As MEMOIRS OF AN INFANTRY OFFICER opens, we find George Sherston a changed and somewhat embittered young man. At 28 years old, he has finally come to grasp a horrible fact: that the world he left, and is ostensibly defending from the Germans, is finished regardless of the war's outcome. This realization is his first step toward maturity, and in a sense that is what this book is about: the belated transformation of a venal, callow, fox-hunting boy into a man who at first embraces and then bitterly rejects the war which made him a famous hero.

Like its predecessor, INFANTRY OFFICER is written in a meticulous, thorough, gentle English prose which is often slow but always attractive. Sassoon was a deeply thoughtful man, and relates the horror, indignity and black humor of war in a measured way which may disappoint those looking for a "hot lead and cold steel" battle story. At first enthusiastic about combat, he slowly comes to resent the civilians for whom he is fighting, as well as his blundering superiors and the British government. Called a hero for his exploits in No Man's Land, he begins to suspect that his heroism is being put to sinister ends.

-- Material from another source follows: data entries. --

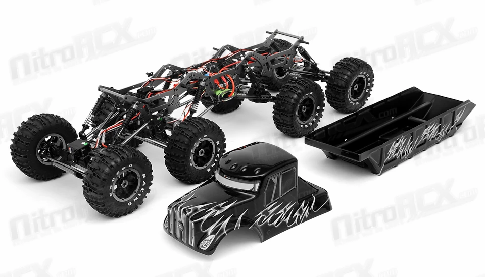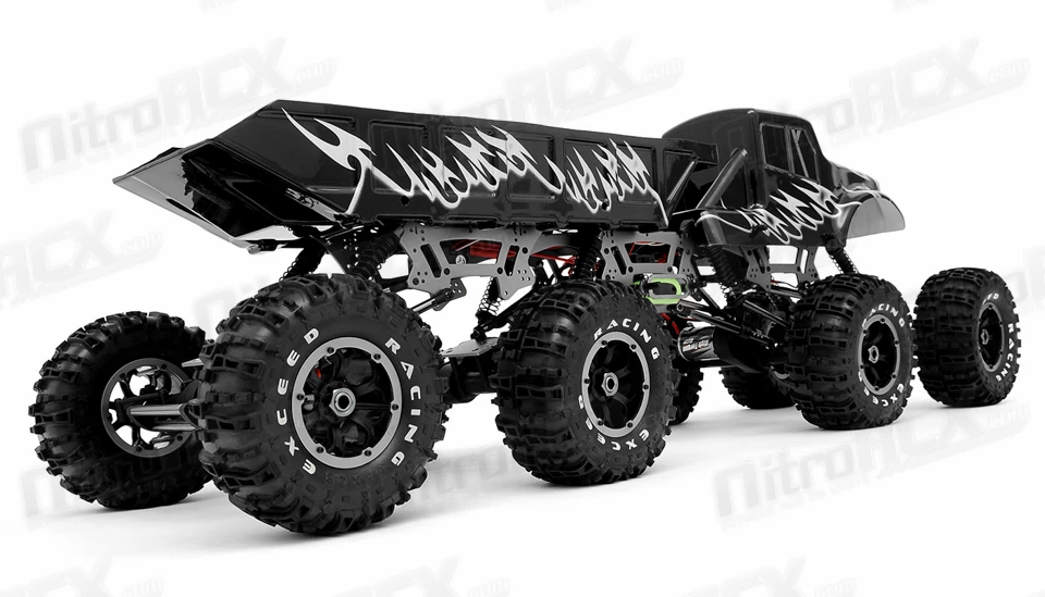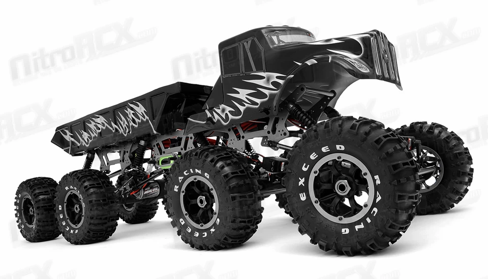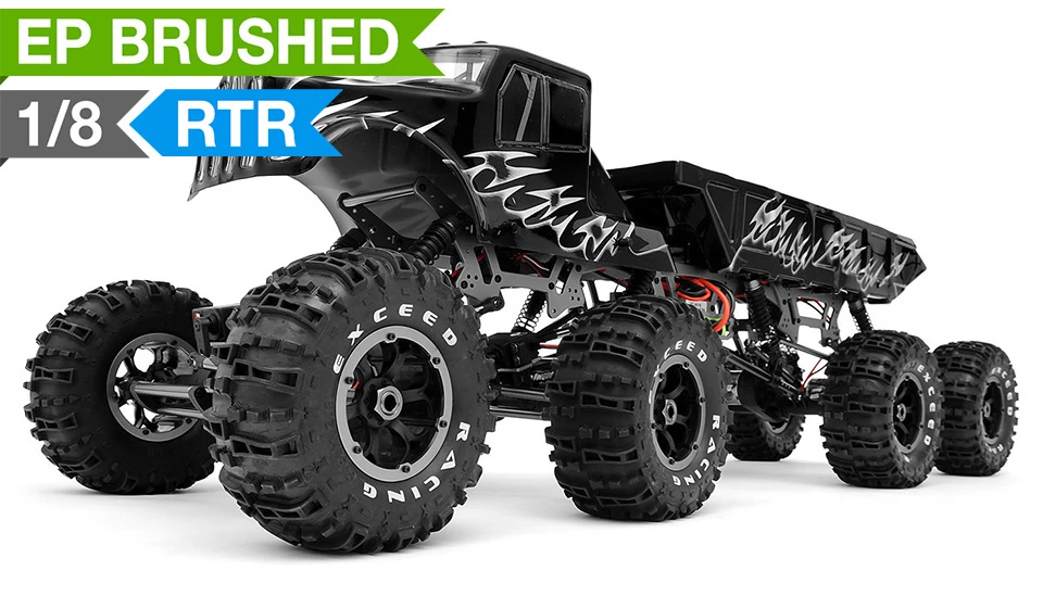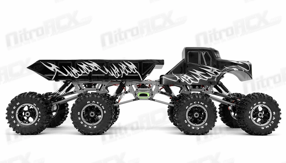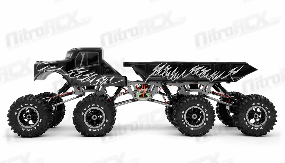 The Mad Torque series of RC Trucks veered off normal and arrived at extreme. The new Mad Torque 8×8 is what they have created. This new Mad Torque is a ready to run 8×8 Crawler complete with multi link suspension, 4 solid axles, aluminum chassis, oil filled shocks, and locked differentials. Semi truck front cab with a dump truck rear end ensure the trucks ability to haul large payloads. ?Designed specifically for the tough demands of traversing gravel, sand, asphalt, snow, wood chips or rocks. Created for the customer who demands more wheels and power to the ground.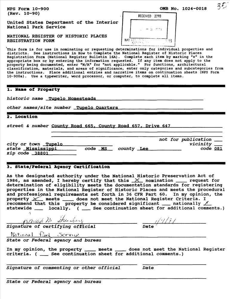 Tupelo ; Co. Rds. 665 and 657 and Co. Dr. 647, S of jct. with the Natchez Trace Parkway
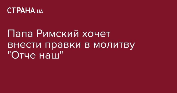 Уточнить текст молитвы "Отче наш" решил папа Римский Франциск.

Convalescing from injuries back in England, he is jarred by the bloodthirsty, callous, exploitative, selfish attitude of those he left behind. No one understands what is going on at the front, and many do not care, so long as the champagne at the Savoy is still flowing. In one of the book's most effecting moments, he is even told by one of the titled snobs he used to admire (and suck up to) that since he is not an heir to a great name, his death in battle would be no great loss. In another, when he decides to come out publicly against the war, his close friend "David Cromlech" (alias Robert Graves, later the author of GOOD-BYE TO ALL THAT and I, CLAUDIUS) informs him the government will shut him up in an insane asylum rather than give him the satisfaction of a court-martial. The destruction of all of his youthful ideals is painfully recorded, along with the futile assaults on the German wire and the deaths of his close friends and comrades. We sense, amidst all the gas and shell-fire, that it is not so much George Sherston's old self which is passing away, so much as the illusions of the Edwardian era itself. George Sherston the fox-hunting boy would never dare publicly question the war...but what about George Sherston, the man?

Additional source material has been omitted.